ARTICLE XI: STANDING COMMITTEES
All committees of this organization shall be appointed by the Board of Officers and their term of office shall be for a period of one year or less if sooner terminated by the action of the Board of Directors.
All committees may be subject to joint committee status. Standing committees shall be: Financial, Fundraising, Veteran Affairs, State Coordinator/Rep Director, Historian
•Financial – Oversees development of the budget; monitoring and accountability for funds; ensures adequate financial controls; and shall conduct an internal audit on a semi-annual basis of the organization’s books. •Fundraising – Oversees development and implementation of the Fundraising Plan; identifies and solicits funds from external sources of support.
ARTICLE XII: DUES
This organization does not charge dues.
ARTICLE XIII:CONFLICT OF INTEREST POLICY
The organization will handle any potential conflict of interests as defined in the “Conflict of Interest Policy” attached to these By-Laws.
ARTICLE XIIII: AMENDMENTS
These By-laws may be amended subject to approval of a vote of two-thirds of the sitting board.

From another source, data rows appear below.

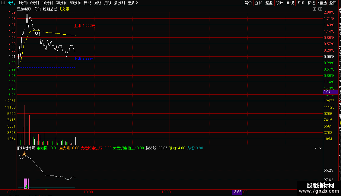 主力撤: IF(V4<=0,V4,0),COLORGREEN;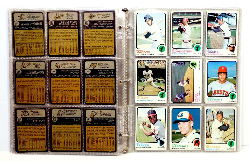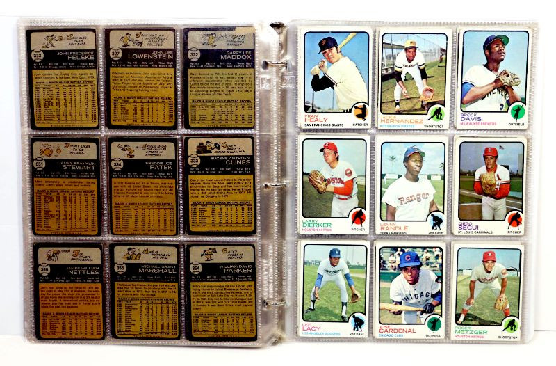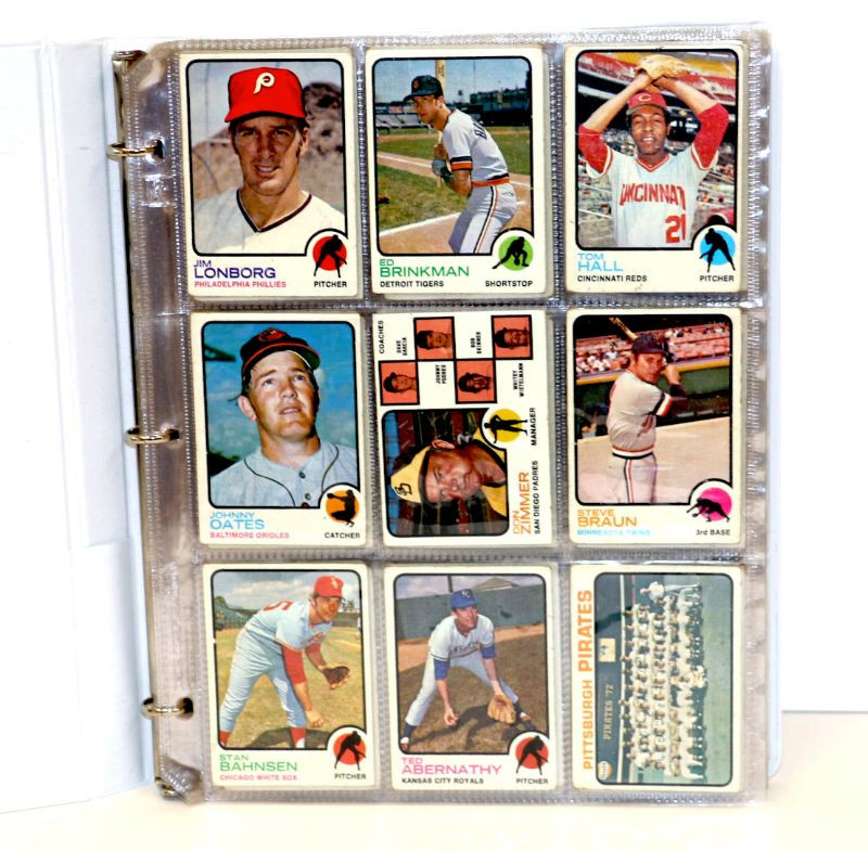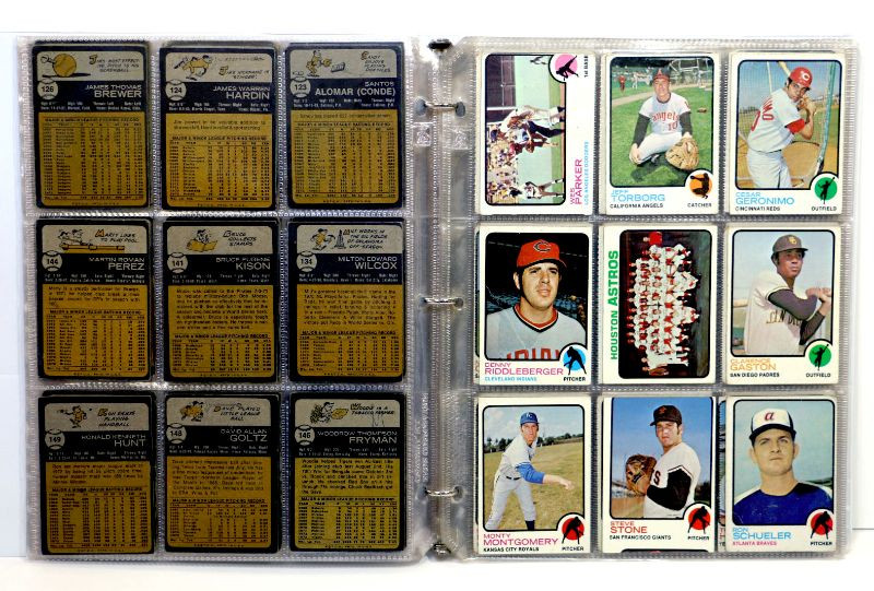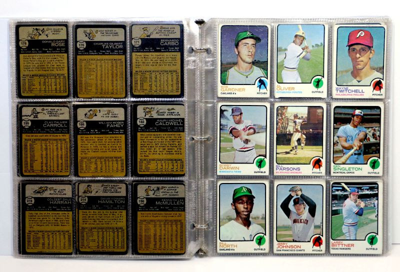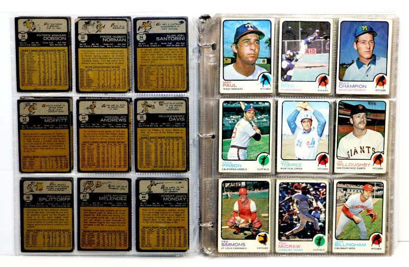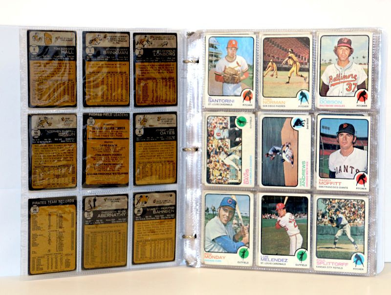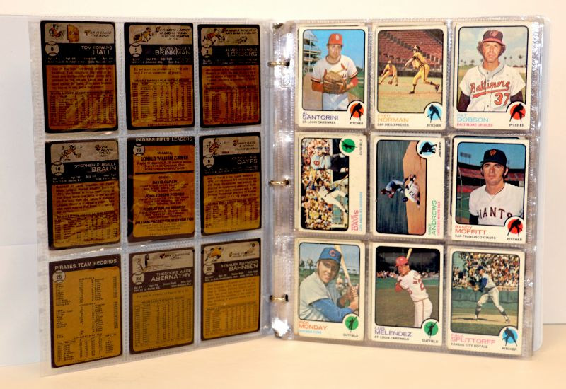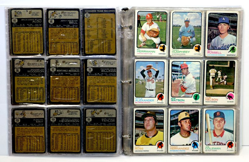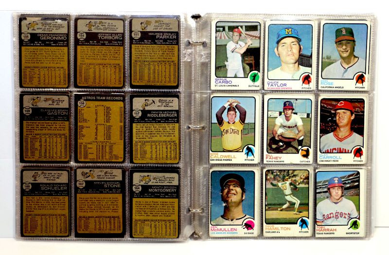 Collection of baseball cards in album - 1973 Topps, 144 cards in total, as seen on pictures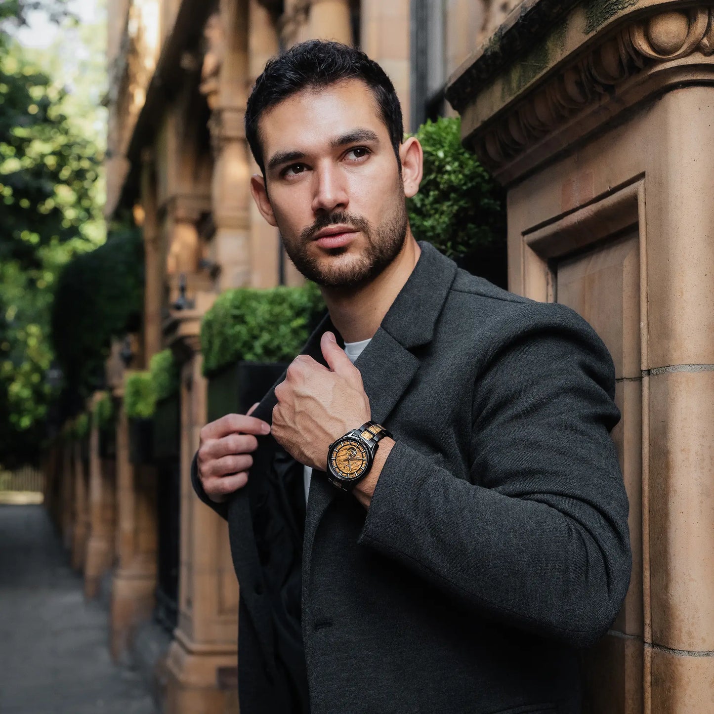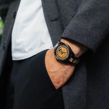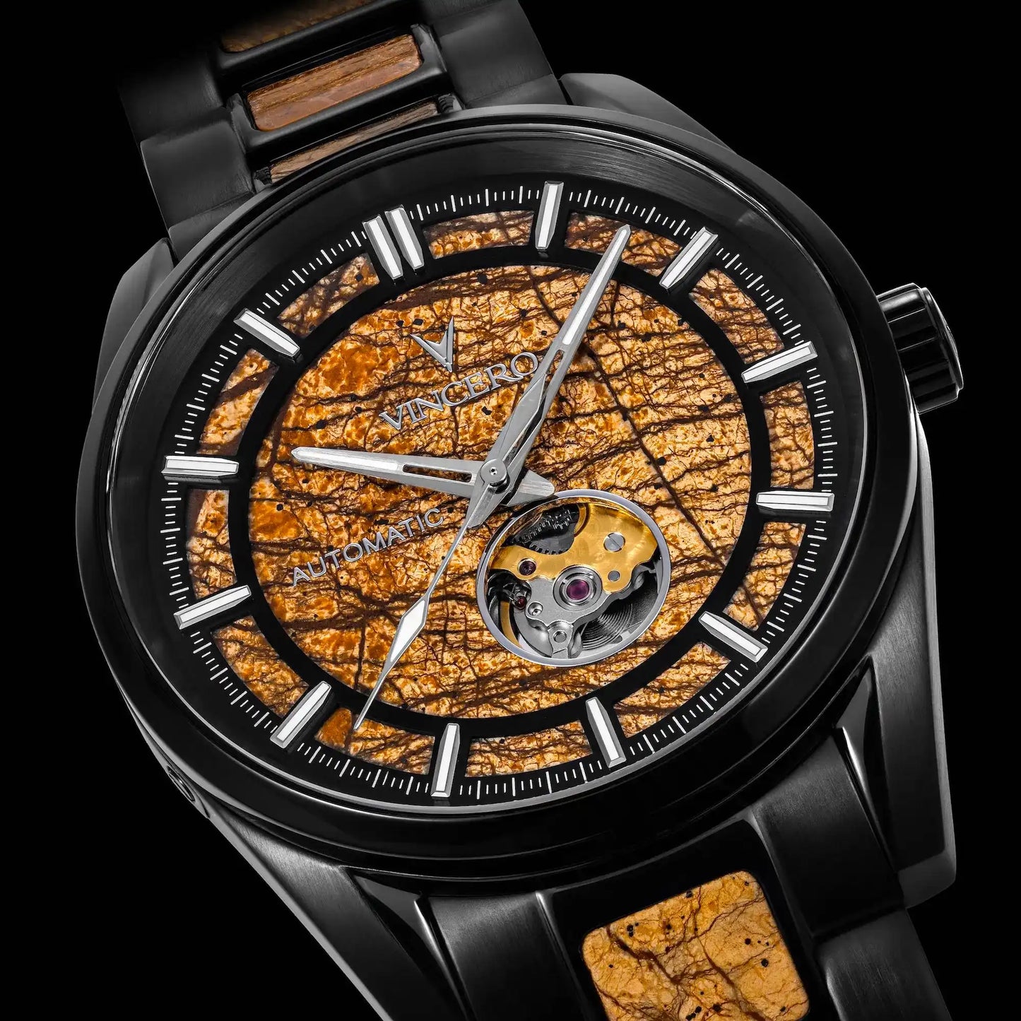 The Vincero The Quantum Auto - Bengal combines precision engineering with sophisticated design, featuring an automatic movement for reliable timekeeping. Its bold Bengal-inspired aesthetic offers a distinctive look, perfect for those who appreciate craftsmanship and style. Durable materials ensure longevity, making it an excellent choice for watch enthusiasts seeking both function and elegance.

a.By a vote of the Board on December 19, 2006 it was agreed upon to abolish the Executive Vice President position. b.These By-Laws were reviewed and approved at a regular meeting of The Silver Star Families of America Board of Directors on the 30th day of January, 2006. c.At their regularly scheduled meeting on 4 June 2007, The Silver Star Families of America voted to make the Founders of the organization, or their heirs, the ultimate authority over the organization regardless of their positions held with the organization. This includes but is not limited to dismissing the board in its entirety when the founders or their heirs determine that the mission of the organization has deviated from its originally intended purpose or is in violation of any IRS regulation, state or federal law or anything that might affect its tax exempt 501 C 3 status d.By vote of the Board on December 18, 2007 the following amendments were reviewed, voted on and approved: •Appraisal of the President’s performance will be conducted every six months. •President will submit to the Board a Budget for the upcoming year that will be evaluated to insure the expenditures support the overall mission of the SSFOA and that sufficient accounting procedures are in place. •At least two face to face meeting of the Board of Directors will take place every year. •The Board of Directors will establish a committee to evaluate the organization’s performance and give suggestions to the Board on future requirements to meet our mission. •Make sure that unrestricted net assets available for use is not more than three times the size of the past year's expenses or three times the size of the current year's budget, whichever is higher. •It shall be the policy of the SSFOA to promptly act on any complaints brought to our attention by the BBB Wise Giving Alliance. •By vote at the regular Board Meeting, January 7, 2008, SSFOA chose and added an Executive Committee. ____________________________________
Janie Orman, President
At a special meeting of the Board of Directors on 3-2-14 the By-laws where hereby amended:
a. By virtue of election by a majority of the membership, the National President shall be chairman of the Board of Directors. b.However the position of Chief Executive Officer is hereby created and will be tasked with the day to day operation of the organization. The CEO will not be eligible to chair the Board. c.The mission of the Silver Star Families of America Is hereby amended to include the addition of assisting our homeless and very low income veterans hereby referred to as “veterans in need.”